Mas a química Leila Chaouachi, especialista do Centrocasino auroraMonitoramentocasino auroraDependênciacasino auroraParis, diz que o julgamentocasino auroraAvignon é apenas um passocasino aurorauma longa luta para conscientizar as pessoas sobre drogas e estupro.
"Isso precisa se tornar uma questão importantecasino aurorasaúde pública, que todos levem a sério e que obrigue as autoridades a resolver urgentemente essas questões para melhorar o atendimento às vítimas."
"É importante que todos nós pensemos sobre o problema, que o consideremos uma questãocasino aurorasaúde, não apenas uma questãocasino aurorajustiça. Isso diz respeito a todos nós."
Atualmente, a palavra "consentimento" não está incluída na definiçãocasino auroraestupro na legislação francesa, por isso alguns argumentam que a lei deve ser alterada para torná-la mais explícita. Mas Noblinski acredita que o foco deve ser outro.
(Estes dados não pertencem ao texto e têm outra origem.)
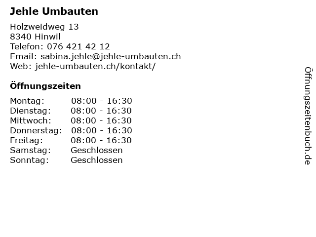 | Öffnungszeiten Jehle Umbauten in Hinwil anzeigen | |

"Deveria ser na polícia, nas investigações, no financiamento adequado, e nãocasino auroramexer na lei", diz ela.
"Eles não têm recursos suficientes. Eles têm casos demais, e esse é o verdadeiro problema. Quando você tem muitas coisas para lidar, é muito difícil encontrar evidências."
Em seu trajeto diário para o tribunal, durante as primeiras semanas do julgamento, Gisèle Pelicot caminhava com os ombros curvados e a postura defensiva. Ela parecia perturbada pelo grande nívelcasino aurorainteresse que o caso despertou.
No entanto, nos argumentos finais, seu comportamento se mostrou totalmente diferente — e ela se sentou perfeitamente preparada.
Isso coincidiu com uma mudança maior: à medida que o julgamento avançava, os promotores, os espectadores — e a própria Pelicot — passaram a entender o impacto extraordináriocasino aurorasua decisãocasino auroraoptar não apenas por um julgamento aberto, mas por mostrar todos os detalhes no tribunal.
"Ela está nos mostrando que, se você é uma vítima, faça o possível para não carregar a vergonha. Mantenhacasino auroracabeça erguida", diz Elsa Labouret.
"Como mulher, você começa sendo duvidada. Você começa como uma mentirosa, e temcasino auroraprovar que é verdade. Não duvido que toda mulher tenha passado por alguma coisa. Alguma coisa, você sabe. Dessa forma, ela representa todas as mulheres do mundo."
"[Gisèle Pelicot] decidiu tornar isso maior do que ela mesma. Para tornar isso sobre a maneira como nós, como sociedade, tratamos a violência sexual."
Ao saircasino auroramais um dia no tribunal, a jornalista francesa Juliette Campion parou para refletir sobre o impacto que o caso poderia ter.
"Foi difícil ver todos aqueles vídeos. Como mulher, é complicado, e me sinto cansada", diz ela.
"Mas pelo menos fizemos nosso trabalho e falamos sobre isso. É um passo muito pequeno. Não será uma grande coisa. A única coisa que posso esperar agora é que seja um divisorcasino auroraáguas para alguns homens. E para algumas mulheres também, quem sabe."